I take the kids to a local ceramics shop sometimes to work on projects and learn new skills.  The proprietor, a lovely woman - and well-put-together, loves to use the word, "Perfect!" when referring to how a color combination or new skill we try turns out.  I love it when things turn out, "perfect".  What a delight that a side-effect of a fallen world - full of error - is the frustration of would-be perfectionists.  Striving for perfect pleats, perfect hair, perfectly matching colors, perfect decor, and perfect weather for a perfect vacation, we can miss the joys of living in the imperfect.
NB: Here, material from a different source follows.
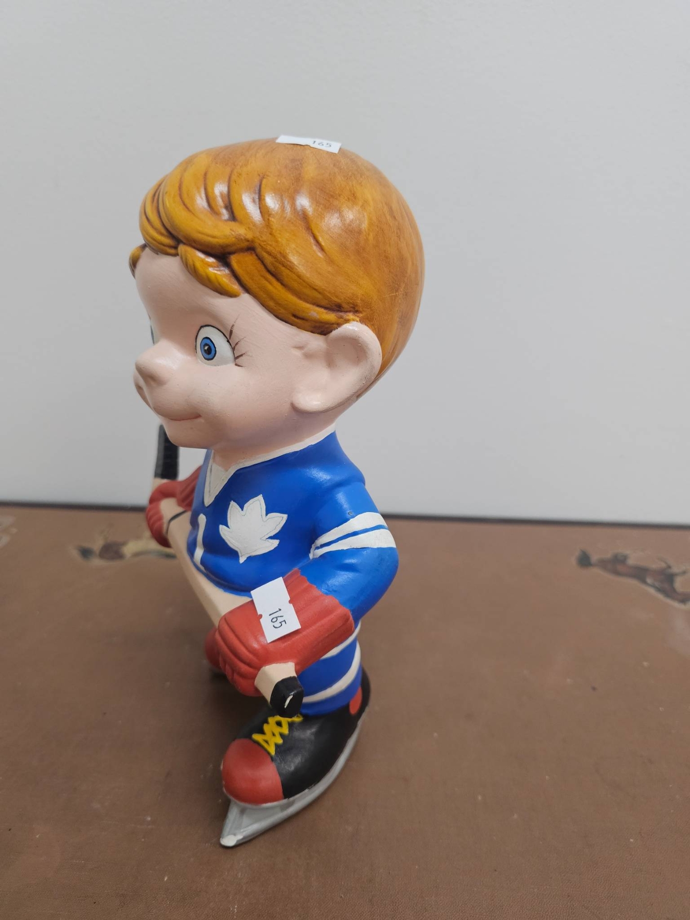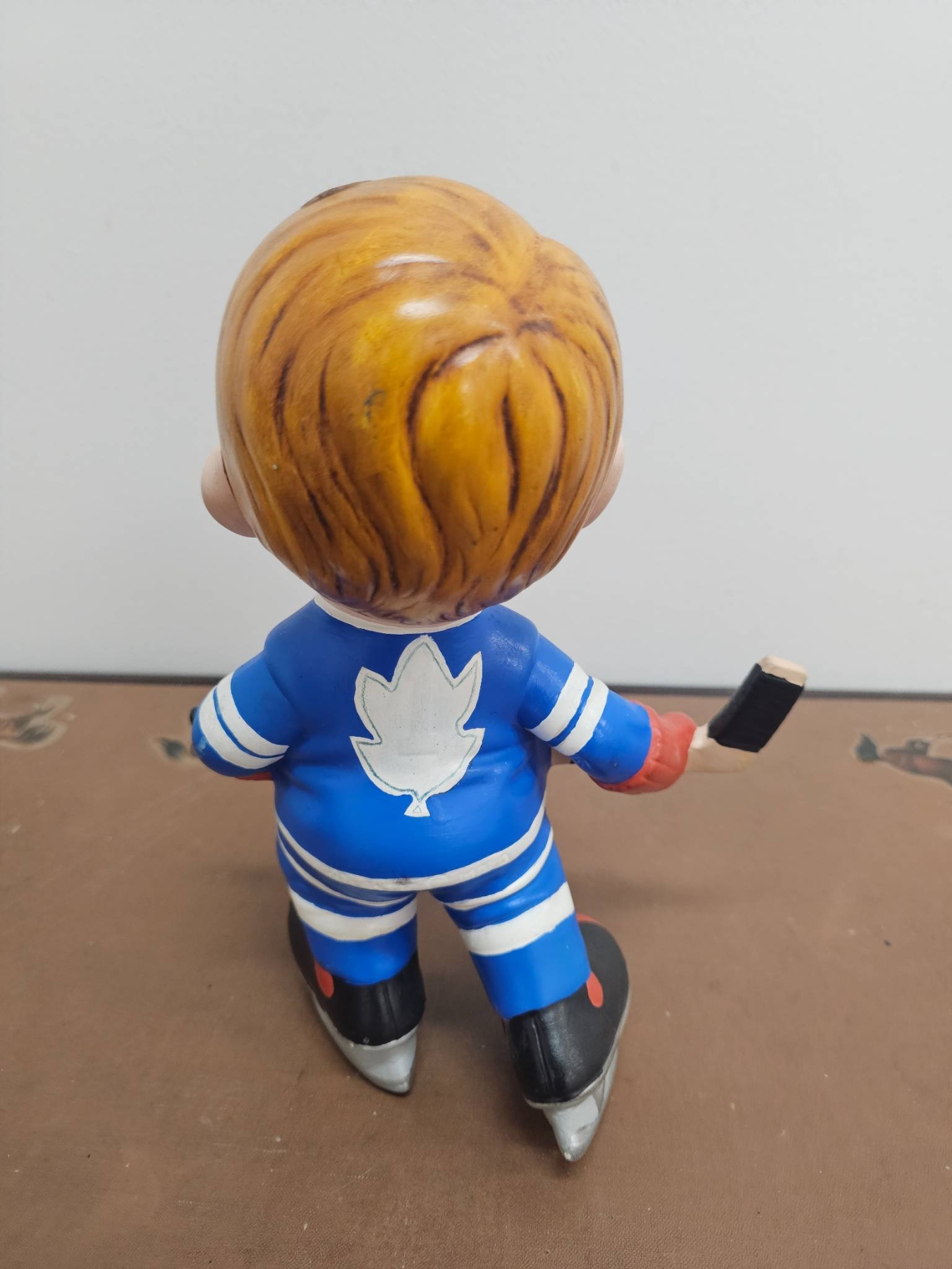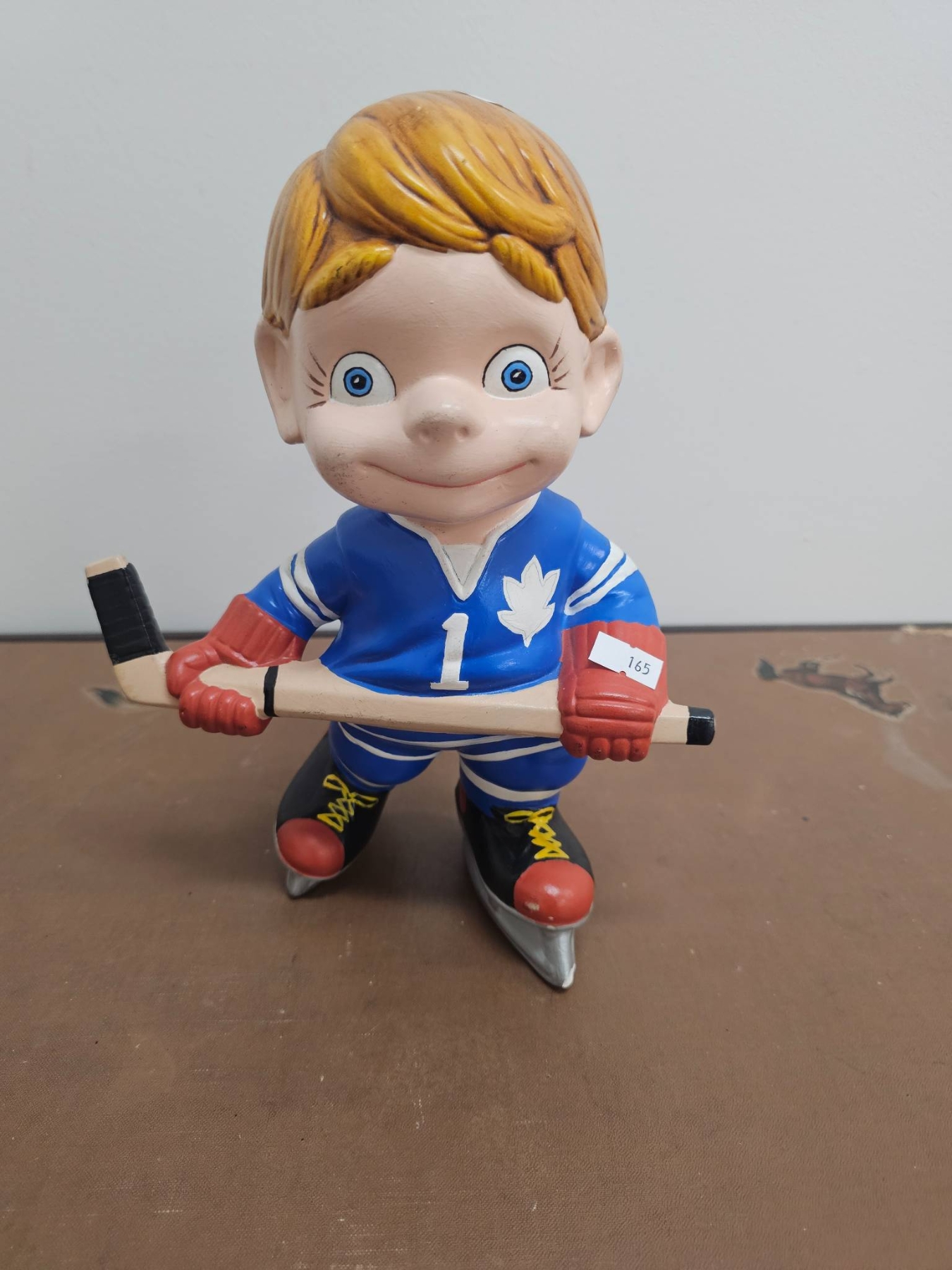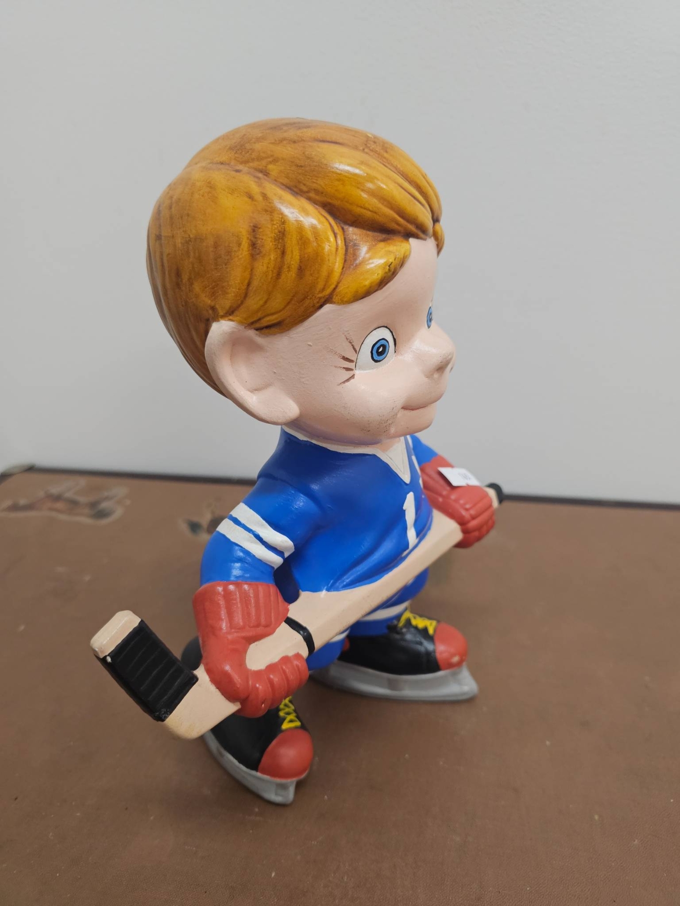 A 10-inch tall figurine of a cheerful hockey player wearing a blue and white jersey featuring a maple leaf emblem. The figure is depicted on skates, holding a hockey stick, and has charming details like bright eyes and vibrant colors. A delightful decorative piece for hockey enthusiasts or collectors.

Perfection is a requirement fulfilled only by God, and that not through effort but through His very nature... not something earned or accomplished, but something intrinsic to His very being.

Yes, I'd like to say a lot of things about how our weekend went, but in the end... I'd do it all over again. Experiences that teach are far more valuable than easy ones.  I can say this for sure - there is grace abundant and free for all of my mistakes and yours.